Wheeler Real Estate Investment Trust, Inc.
Riversedge North
2529 Virginia Beach Blvd., Suite 200
Virginia Beach, Virginia 23452
(757) 627-9088
Investing in our common stock involves significant risks. See Risk Factors on page 3 of the Prospectus.
Neither the Securities and Exchange Commission nor any state securities commission has approved or disapproved of our securities or passed upon the adequacy or accuracy of this prospectus.

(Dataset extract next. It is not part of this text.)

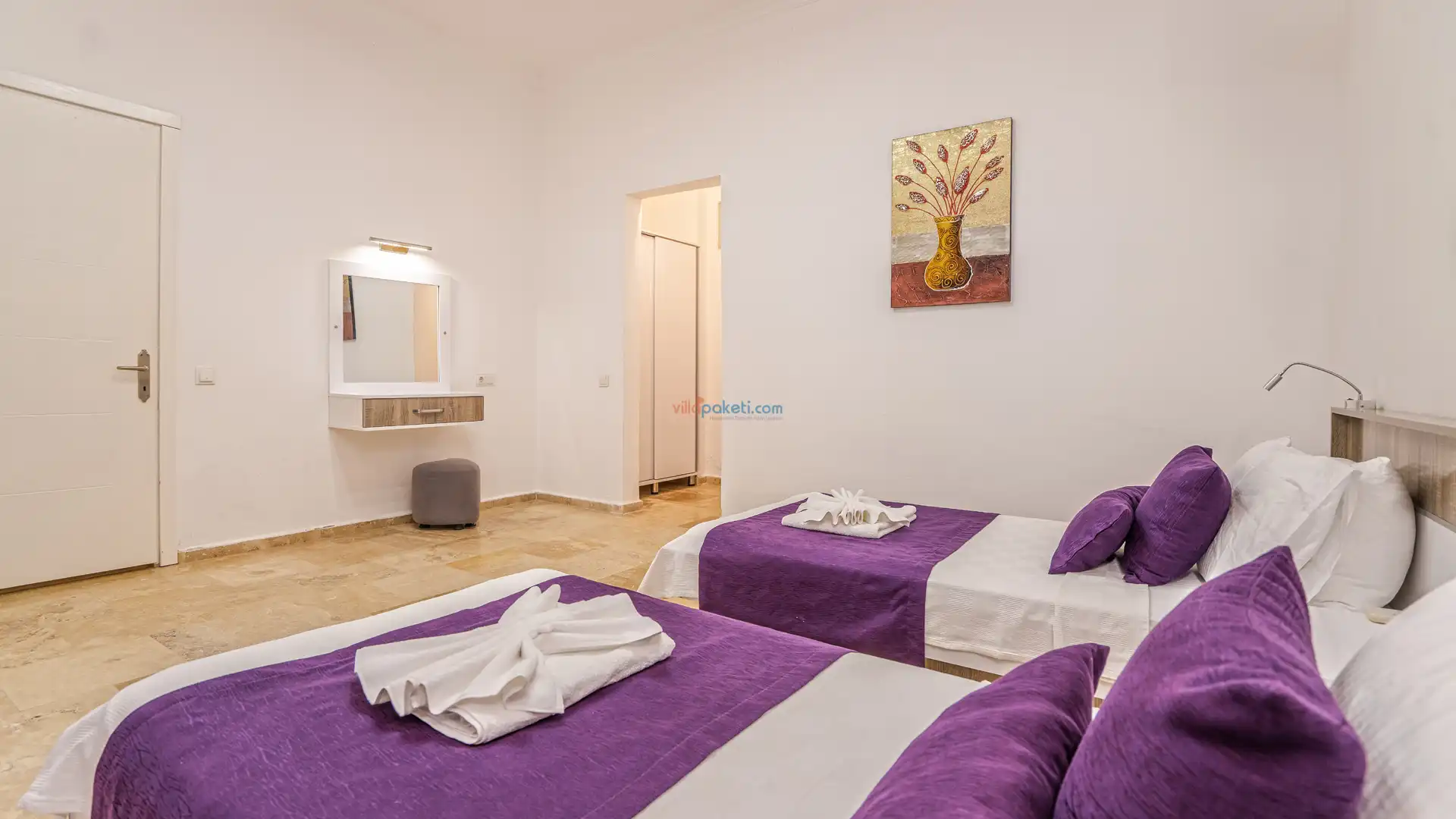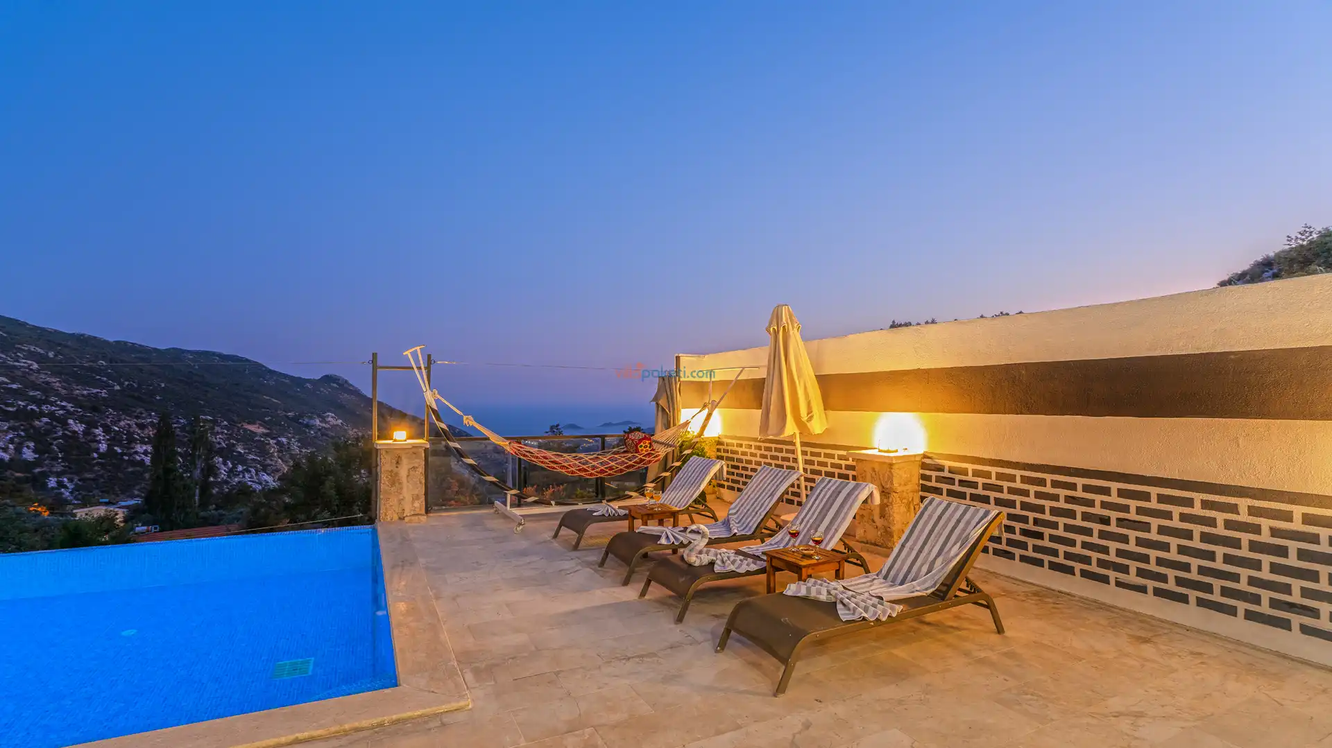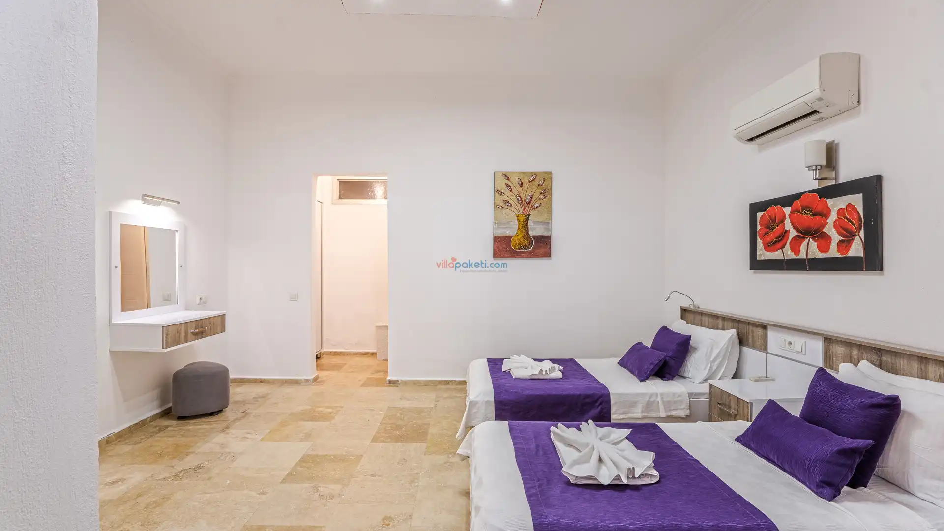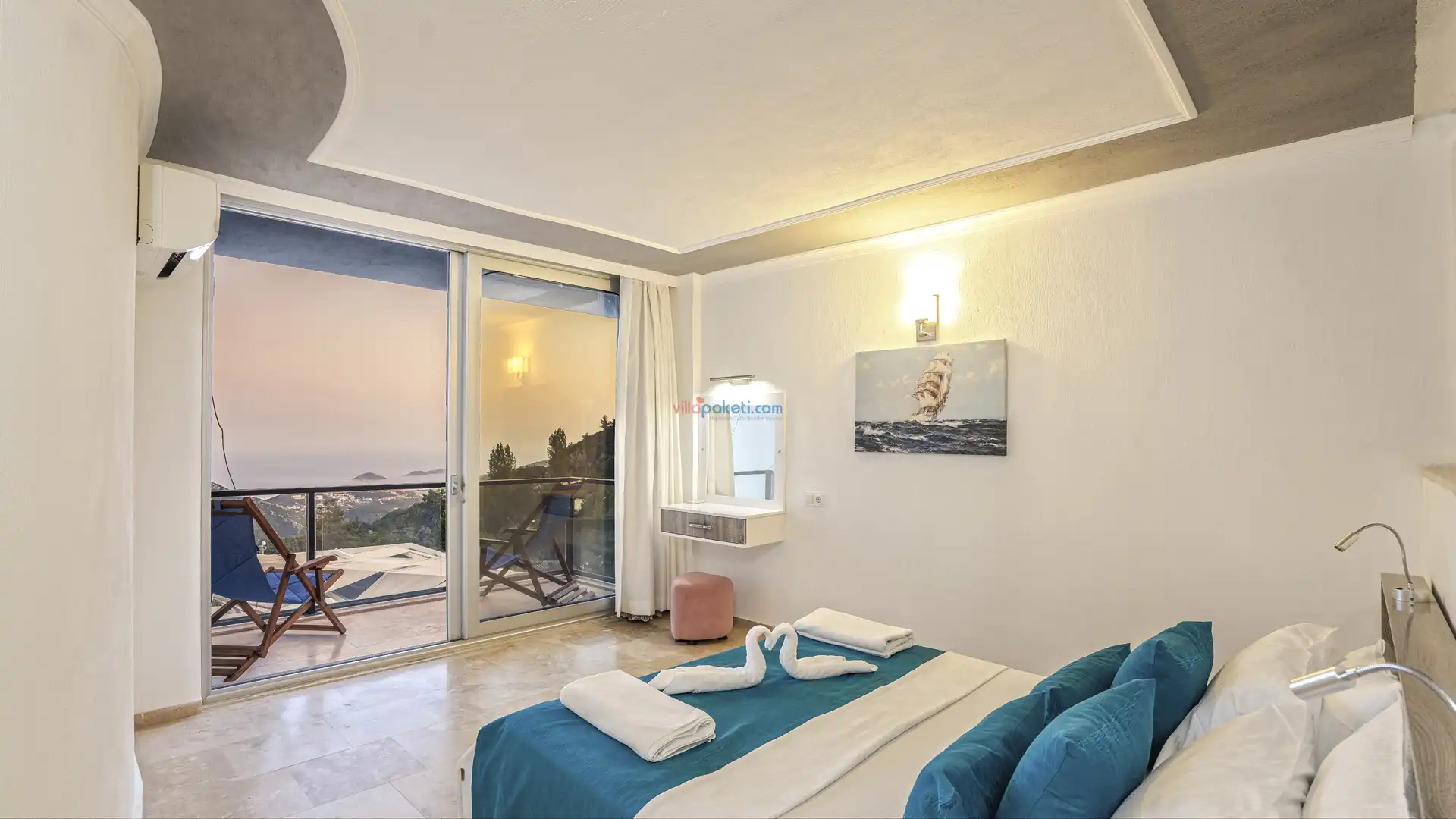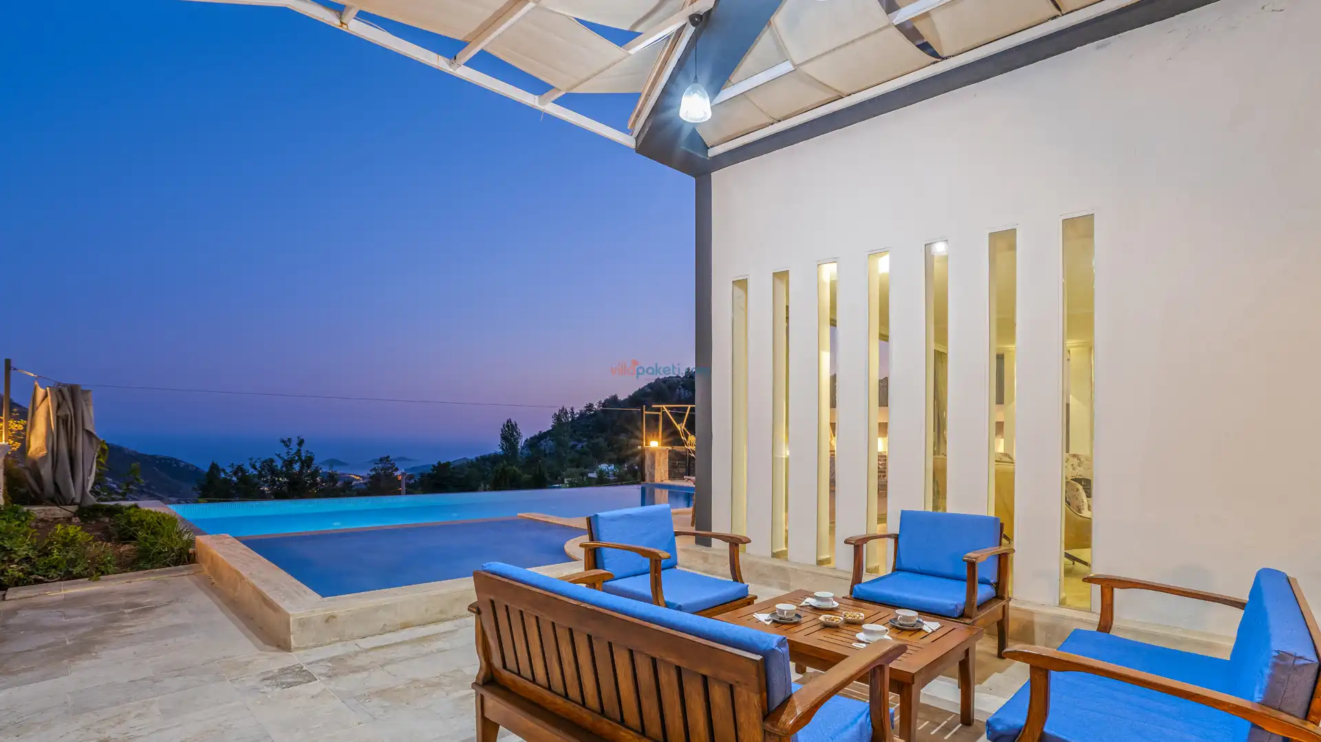 Doğayla iç içe, huzurlu ve lüks bir tatil arayanlar için tasarlanmış bu özel villa; 4 geniş yatak odasıyla 8 kişilik konaklama kapasitesi sunar. Geniş aileler ya da arkadaş grupları için ideal olan villamızda hem açık hem de kapalı havuz bulunmaktadır. Bu sayede dört mevsim konforlu bir şekilde havuz keyfi yaşanabilir.

Any representation to the contrary is a criminal offense.
The date of this Prospectus Supplement is November 21, 2013
INCORPORATION OF CERTAIN DOCUMENTS BY REFERENCE
We are incorporating certain information about us that we have filed with the SEC by reference in this Prospectus Supplement, which means that we are disclosing important information to you by referring you to those documents. We are also incorporating by reference in this Prospectus Supplement information that we file with the SEC after this date. The information we incorporate by reference is an important part of the Prospectus, and later information that we file with the SEC automatically will update and supersede the information we have included in or incorporated into the Prospectus.
We incorporate by reference the following documents we have filed, or may file, with the SEC:
| Annual Report on Form 10-K for the fiscal year ended December 31, 2012, filed on April 1, 2013; |
| Quarterly Reports on Form 10-Q for the fiscal quarters ended March 31, 2013, June 30, 2013 and September 30, 2013, filed on May 15, 2013, August 12, 2013 and November 14, 2013, respectively; |
| Current Reports on Form 8-K filed on January 17, 2013, February 11, 2013, February 19, 2013 (amended version), February 21, 2013, March 5, 2013 (amended version), March 6, 2013 (amended version), April 2, 2013, April 10, 2013, April 18, 2013, April 22, 2013 (amended version), April 25, 2013, April 30, 2013, May 2, 2013, May 15, 2013, May 21, 2013, May 23, 2013, May 28, 2013, June 6, 2013, June 13, 2013, June 13, 2013 (amended version), June 18, 2013, June 19, 2013 (amended version), July 19, 2013, July 26, 2013, August 14, 2013, August 19, 2013, August 23, 2013, August 30, 2013 September 18, 2013, September 19, 2013, September 27, 2013, October 21, 2013, October 25, 2013, November 13, 2013 and November 18, 2013; and |
| All other reports filed pursuant to Section 13(a) or 15(d) of the Exchange Act or proxy or information statements filed pursuant to Section 14 of the Exchange Act since December 31, 2012. |
This Prospectus Supplement is part of a registration statement we have filed with the SEC on Form S-11 relating to our common stock. As permitted by SEC rules, this Prospectus Supplement does not contain all of the information included in the registration statement and the accompanying exhibits and schedules we file with the SEC. We have incorporated by reference certain legal documents that control the terms of our common stock offered by the Prospectus as exhibits to the registration statement. You may refer to the registration statement and the exhibits for more information about us and our common stock. The registration statement and exhibits are also available at the SECs Public Reference Room or through its web site.
The section entitled Where You Can Find More Information About Preferred Apartment Communities above describes how you can obtain or access any documents or information that we have incorporated by reference herein. The information relating to us contained in this Prospectus Supplement does not purport to be comprehensive and should be read together with the information contained in the documents incorporated or deemed to be incorporated by reference in this Prospectus Supplement.
Upon written or oral request, we will provide, free of charge, to each person, including any beneficial owner, to whom a Prospectus Supplement is delivered, a copy of any or all of the reports or documents that are incorporated by reference into this Prospectus Supplement. Such written or oral requests should be made to:
Riversedge North
2529 Virginia Beach Blvd., Suite 200
Virginia Beach, Virginia 23452
(757) 627-9088
In addition, such reports and documents may be found on our website at www.WHLR.us.